In Swift, you can add a protocol extension with such a constraint.
extension MyProtocol where Self: MyOtherProtocol {
// MyProtocol impl
}
But, this doesn’t automatically apply the implementation for all MyOtherProtocol
implementors. You still need to extend your types specifically and mark them like:
extension MyStruct: MyProtocol {}
This hasn’t become a big deal for me yet, just saying.
Otherwise, protocols are quite cool. There’s a protocol for hashing, equality and iteration (just like Rust), and there are others like one for types that could be raw values, encoding and decoding.
Then, there’s Codable
which unifies serialization and deserialization (again, built into Foundation). The problem is that it’s not even close to serde, which is the commonly used encoding / decoding lib in Rust.
In serde, you can do almost anything with a bunch of attributes (you rarely need to write custom code), which is a great perk for using a statically typed language, whereas in Swift, let it be skipping a property, managing a particular property on your own or performing additional validation, anything that deviates even a little requires custom code. It’s not hard to write, but it’s difficult to maintain - whenever you alter the structs, you need to modify that custom implementation. It’d be nice if it could be done with less effort.
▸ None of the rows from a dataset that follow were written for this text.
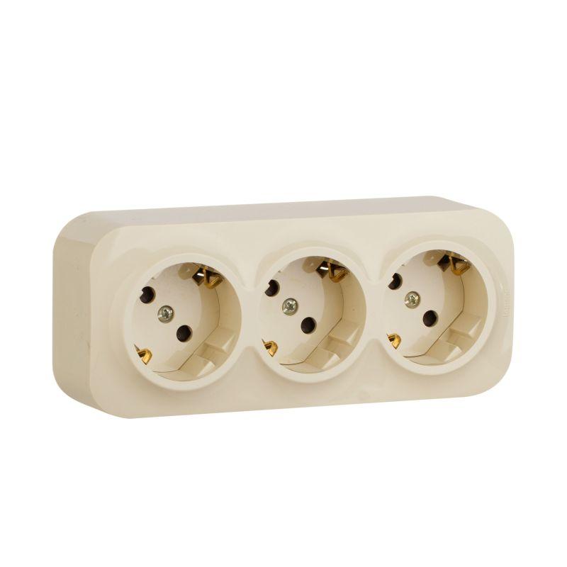 Тройная розетка с заземлением, со шторками Legrand Quteo, цвет слоновая кость, для открытого монтажа. Максимальный ток 16 А, максимальная мощность 3680 Вт. Применяется в зданиях, оборудованных для повышения безопасности проводкой с заземлением (с защитным проводником). Рекомендуются к применению в помещениях в которых могут быть дети. Шторки осуществляют защитную функцию путём ограничения доступа к токоведущим контактам. Доступ открывается только при подключении вилки. Особенности - Все токоведущие части имеют защиту от случайного прикосновения. - Простота подключения. Что бы подключить весь блок, достаточно подвести питание к одной розетке, следуя схеме на упаковке. - Контактная группа изготовлена из латуни CuZn37, имеет высокую степень упругости и сохраняет плотный контакт с вилкой, при длительной эксплуатации. - Скоба заземления имеет особый профиль для большей упругости и долговечного, плотного контакта с вилкой. - Зажимы для присоединения проводников винтовые, с невыпадающими винтами. Исключают потерю винтов при монтаже. - Внешний корпус крепится к механизму винтом. Особенности серии Quteo - Современный формат накладного монтажа - Механизм изготовлены из высококачественного поликарбоната, не проводит электрический ток, не поддерживает горение. - Простое выравнивания изделий при установке в ряд,благодаря специальной форме основания. - Корпус ударопрочный из пластичного полипропилена стойкого к внешним воздействиям. - Перфорация на корпусе для безошибочного вырезания отверстий при монтаже открытой проводки - В основании преднарезаны 4 отверстия для подвода кабеля при монтаже скрытой проводки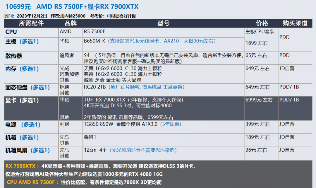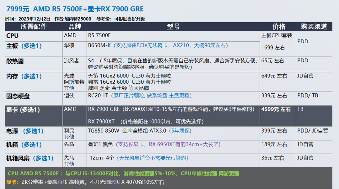 7999这套适合对AMD有一定了解,对AMD显卡没有担心的朋友去选择。
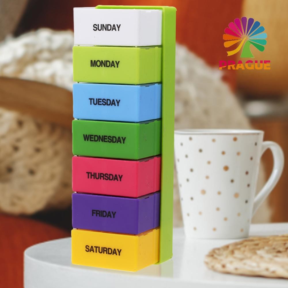 _ 28 Slots Pill Organizer พลาสติกที่มีสีสัน Mints Splitters Case แบบพกพาทุกวัน U [prague.th]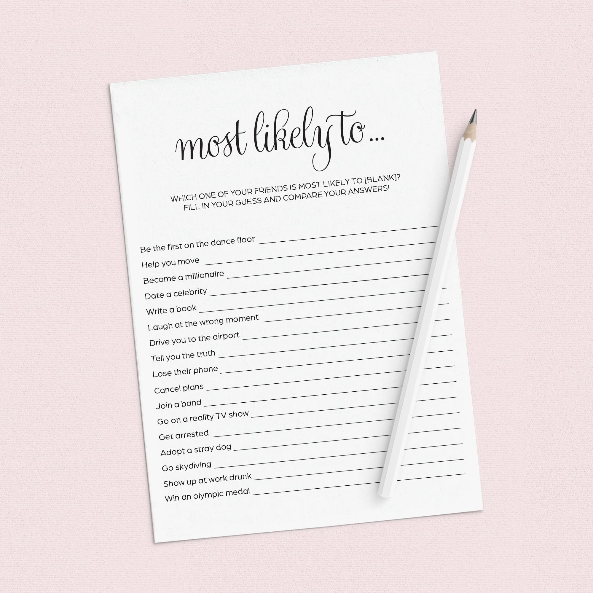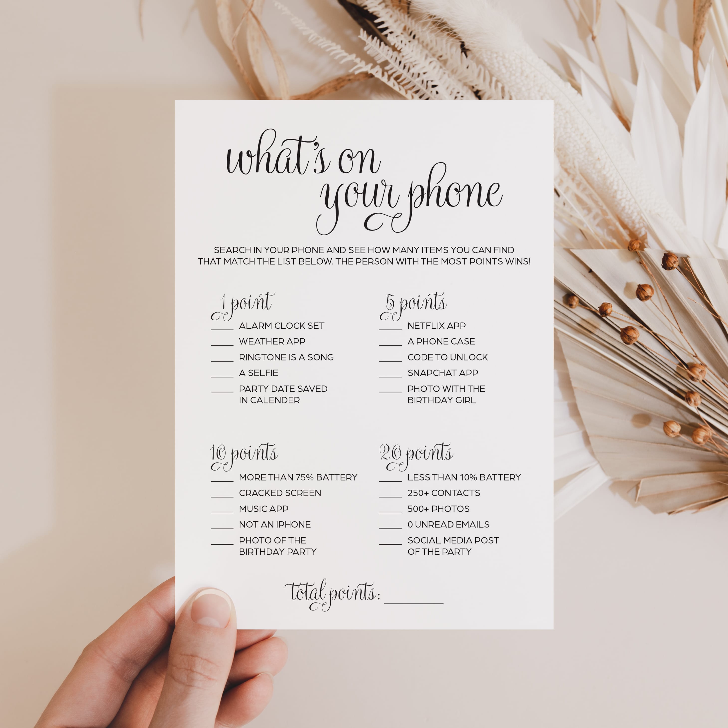 Are you hosting a women's birthday party? Add some fun to the party with this elegant adult birthday party games pack with calligraphy font. Whether you're celebrating your BFF's 30th birthday, your co-worker's turning "forty and fabulous," or your mother's turning 60 for the twelfth time, these adult birthday party games will get everyone laughing and mingling. The minimalist black and white games with calligraphy script are the perfect addition to a modern women's birthday party.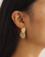 Los Pendientes Eco están formados por un círculo pequeño con una textura granulada o martillada muy fina y otro círculo algo más grande, también con textura martillada, pero con un acabado que genera reflejos más amplios y variados.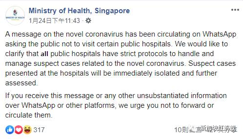 “针对最近网络流传有一名人士在新加坡某处购物中心因感染武汉肺炎而死亡的谣言,我们想要澄清,截至目前为止没有任何疑似或确诊病例死亡。”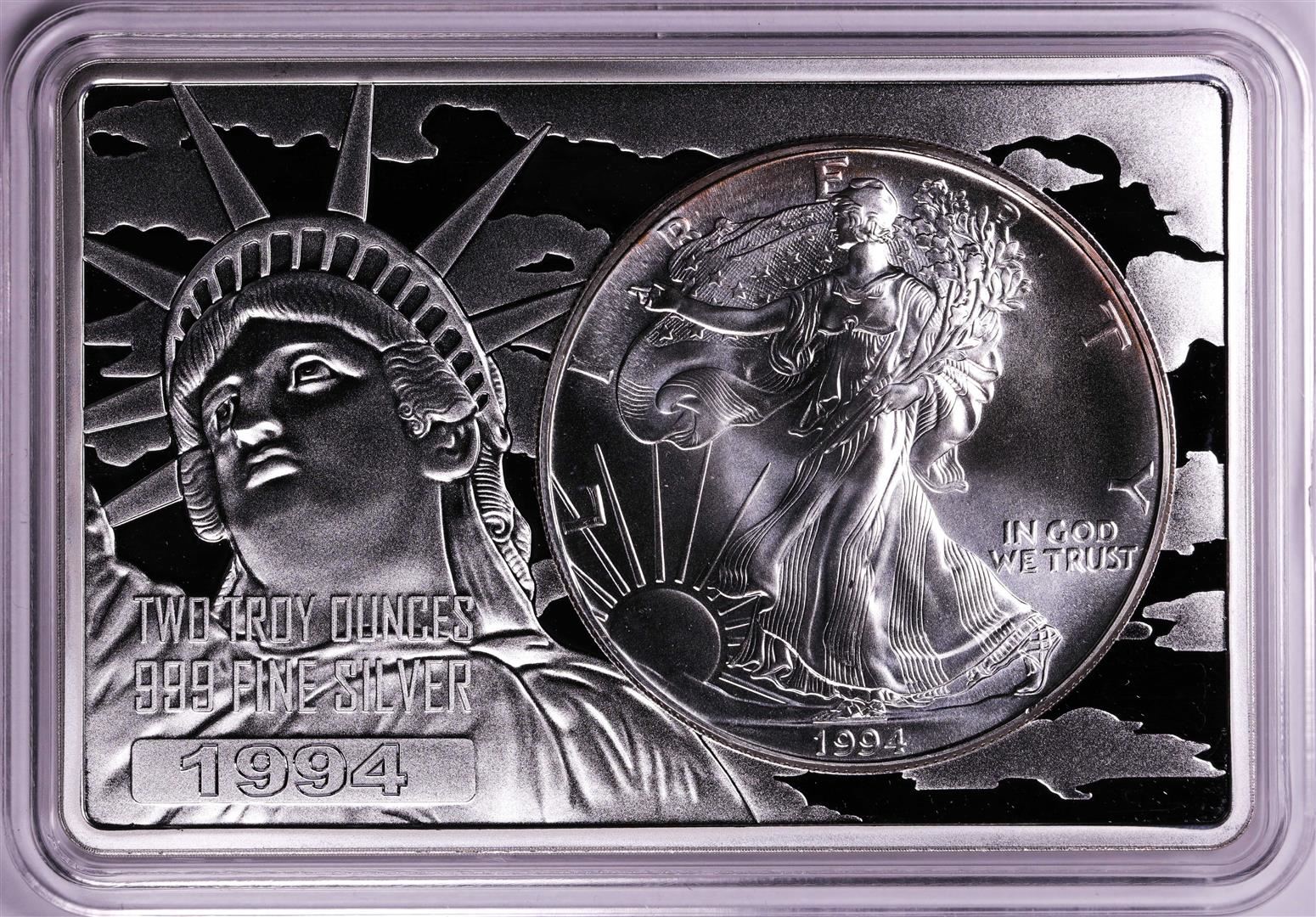 One 1994 $1 American Silver Eagle Coin & 2oz Silver Bar Set.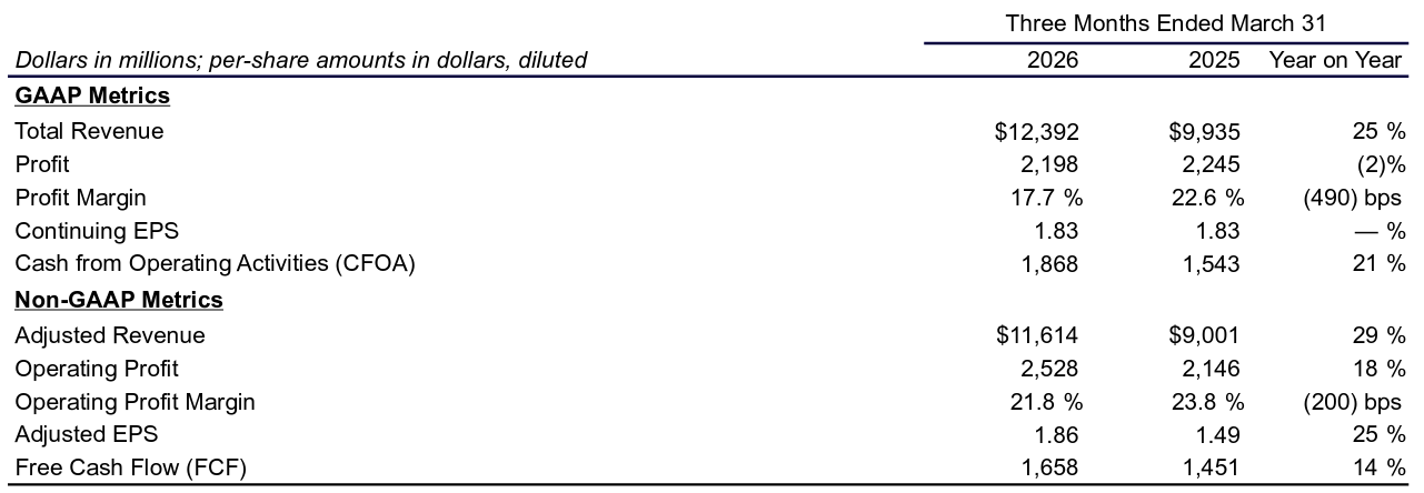 - 2026年第1四半期の調整後売上高(Adjusted Revenues)は116億1400万ドル、前年同期は90億100万ドルで前年同期比29%の増加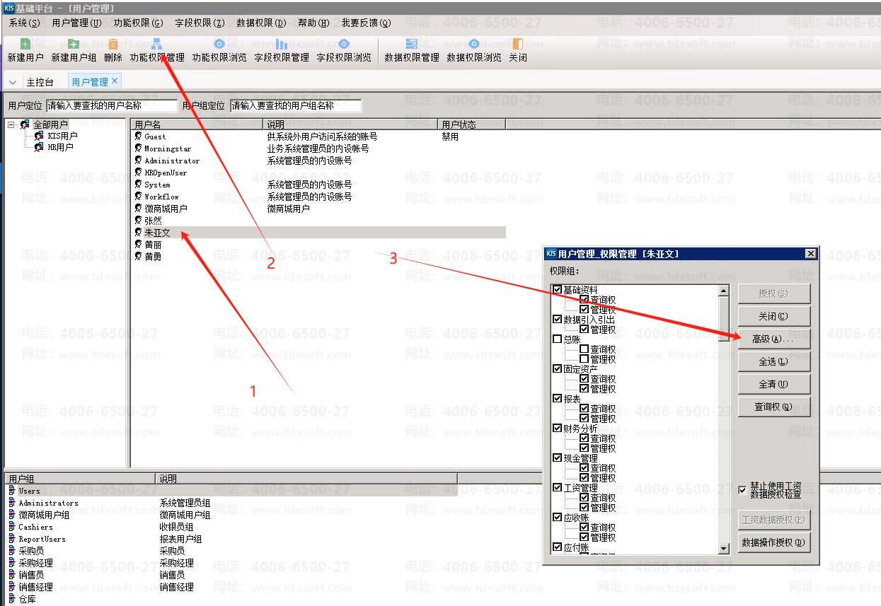 旗舰版金蝶中网络控制工具的用户操作权限在哪里设置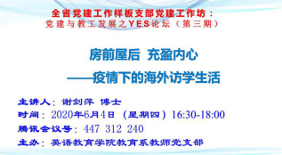 当疫情蔓延到世界各国时,抗击新冠病毒疫情成了各国面对的共同问题。教育系教师党支部中有三位老师在海外工作和访学,疫情爆发以来,支部通过腾讯会议、微信等方式和他们沟通交流,他们对海外抗疫的分享和感受构建了战疫故事汇的特殊视角。周富强老师是佛得角孔子学院的中方院长,疫情之下,佛得角孔子学院第一时间成立了疫情防控领导小组,并积极加强与驻佛使馆、中资机构、援佛医疗队等联系,加强防疫知识技能学习。周富强老师带领19位孔院员工坚守佛得角,在学生无法复课的情况下,做好线上教学,虽然有困难,但是一直在努力坚持。他说,他为祖国的发展和进步感到自豪和骄傲,决心坚守在佛得角这块小小的阵地上,克服困难,为国家争光。杨韶刚老师是埃及艾因夏姆斯大学孔子课堂的中方院长,疫情期间,身处海外,他深深感受到中国对本国公民的关爱和帮助,在全球疫情爆发期间,中国驻埃及大使馆为在埃及的中国公民筹集提供包括口罩在内的防护用品,让在海外的中国公民可以第一时间做好个人防护。通过这次疫情期间发生的点点滴滴,他真切感受了到祖国的温暖和伟大,深深体会到中国政府在这次疫情中 “有责任、有担当”,始终把人民的生命安全放在第一位;感受到了祖国在医疗和科技等方面的先进水平,以及海外的中国人对祖国的无限信任。谢剑萍老师疫情期间在英国访学,她通过各种网络新闻媒体时刻关注着祖国的动态,英国的疫情虽然缓和,但是每天感染人数与国内相比,还是令人触目惊心。每当她看到这些数据,就更加感觉到祖国的强大和祖国人民的上下一心。她相信经历这次疫情后,每个中国人会更为祖国感到骄傲,会更加爱国。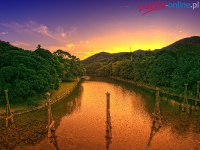 Niebo, Słońca, Rzeka, Drzewa, Zachód
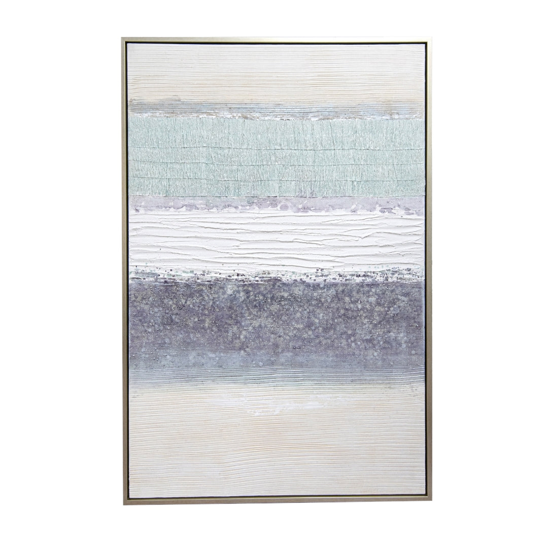 Enhance your minimalist décor with the soothing hues of the Leda Canvas. Featuring a serene blend of blue, green, and grey, this artwork provides a subtle wash of color that complements clean and simple aesthetics. Its understated elegance makes it a perfect addition to create a peaceful and uncluttered environment.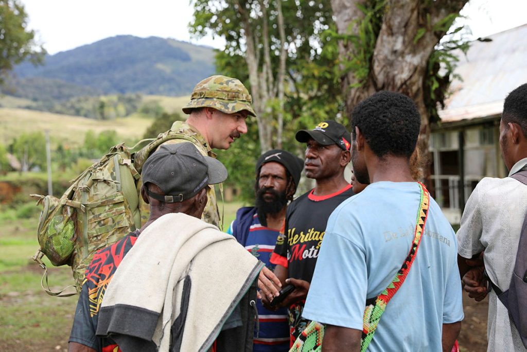 CAPTION: Australian Army’s Chaplain Mitchell Porter speaks to people in Tok Pisin in Woitpe village during a community outreach activity in the Central Highlands of Papua New Guinea.

If there’s one thing I like about Swift protocols, it’s automatic box’ing (another perk of managed languages). In Rust, you need to specify the pointer which holds a particular trait object. I don’t want this to change. It’s always been and should always be that way in Rust (I need to know whether I’m using Box
, Arc
or a simple reference), it’s just that it’s sometimes annoying (depending on the use case) to box stuff on our own when you’re dealing with trait objects.
Packaging
Swift Package Manager reminded me of build scripts in Rust, because you write in Swift to build your Swift package, and I like it. But, there’s no central registry upon which SPM relies on (like crates.io for cargo). Instead, it needs Git. In order to specify a package as a dependency, you have to specify the URL of a git repo, and versions are based on tags. That said, you can specify a branch / revision in that repo, or simply use your local path - everything works, so I haven’t had any trouble with it.
I also liked SPM’s model - a package has a name, a number of products (libraries and executables), dependencies and targets. Products depend on targets. Tests are part of targets (called test targets). This means, a package can output any number of executables and libraries, and tests can be located anywhere (typically they’re inside Tests/
in project root). In Rust, we can use workspaces to output multiple products, but unit tests cannot exist elsewhere.8
The Future
I think Swift and Rust have a number of similarities in their features (other than the obvious differences).9 I have a blind wish that it gets procedural macros from Rust at some point!
Anyway, it didn’t require much effort for someone coming from Rust to get into Swift (but I guess that’s the case for jumping from Rust into any other language, because well… we’ve learned from the master!). I like the way things are in Swift right now, and I’m looking forward to where it’s headed.
If I were to write a web service today, then Swift will be my choice without any second thoughts.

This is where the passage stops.